Our proposed solution generates alerts at the onset of suspicious activity. Alerts can be generated with either of the three severity levels discussed in ‘System Model and Problem Formulation’. Alert notifications generated by the FFD system are shown in Fig. 5. We have compared our proposed solution with ontological and non-ontological solutions. For ontological solutions, our comparison is based on the number of classes, subclasses, and properties i.e., data and object. The ontological solutions in comparison have a small number of classes and properties. This means that a narrower domain was considered to solve the issue of financial fraud. Since our solution covers a wider area of the financial fraud domain with a greater number of classes and properties. We believe that our solution is better at detecting and deterring the threat of financial fraud. Table 2 shows a comparative analysis of FFD and other ontologies on the basis of classes, subclasses, and properties.

We have also compared our solution with other non-ontological solutions on the basis of various benchmarks.

We are using metrics, i.e., accuracy, precision, recall, and F-measure.

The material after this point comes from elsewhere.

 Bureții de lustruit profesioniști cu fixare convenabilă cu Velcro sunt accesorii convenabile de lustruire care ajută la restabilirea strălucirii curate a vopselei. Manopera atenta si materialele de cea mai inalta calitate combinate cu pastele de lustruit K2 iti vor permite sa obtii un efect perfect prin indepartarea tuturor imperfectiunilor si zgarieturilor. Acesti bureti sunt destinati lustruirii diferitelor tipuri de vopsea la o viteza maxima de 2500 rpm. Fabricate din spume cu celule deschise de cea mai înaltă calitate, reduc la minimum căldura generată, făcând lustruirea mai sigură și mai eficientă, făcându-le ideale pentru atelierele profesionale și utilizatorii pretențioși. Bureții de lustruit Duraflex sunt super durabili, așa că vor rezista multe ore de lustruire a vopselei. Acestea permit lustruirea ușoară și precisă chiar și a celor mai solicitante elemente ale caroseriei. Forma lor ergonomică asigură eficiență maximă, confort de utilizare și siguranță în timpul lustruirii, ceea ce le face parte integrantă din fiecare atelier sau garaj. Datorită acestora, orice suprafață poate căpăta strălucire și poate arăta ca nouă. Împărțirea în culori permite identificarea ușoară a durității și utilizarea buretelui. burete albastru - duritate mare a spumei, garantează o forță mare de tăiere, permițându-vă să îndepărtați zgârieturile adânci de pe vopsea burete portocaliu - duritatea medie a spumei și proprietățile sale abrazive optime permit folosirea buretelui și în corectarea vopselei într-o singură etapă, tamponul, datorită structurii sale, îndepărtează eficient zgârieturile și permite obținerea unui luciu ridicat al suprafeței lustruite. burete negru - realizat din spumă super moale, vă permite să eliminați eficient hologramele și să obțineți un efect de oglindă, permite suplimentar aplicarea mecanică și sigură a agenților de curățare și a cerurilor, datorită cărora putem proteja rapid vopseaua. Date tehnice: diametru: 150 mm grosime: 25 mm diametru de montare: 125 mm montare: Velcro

The said comparison between FFD and non-ontological solutions e.g., RF-I and RF-II, (Xuan, 2018) are shown in Fig. 6. Before we do the comparison, we need to calculate the accuracy, precision, recall, and F-measure using Eqs. (15)–(18). The results show that the accuracy and precision of the FFD system increases, while the F-measure decreases when compared to RF-II. The recall achieves the greatest value when compared to RF-I. It is evident from Fig. 6 that our solution achieves the highest precision and accuracy among all benchmarks.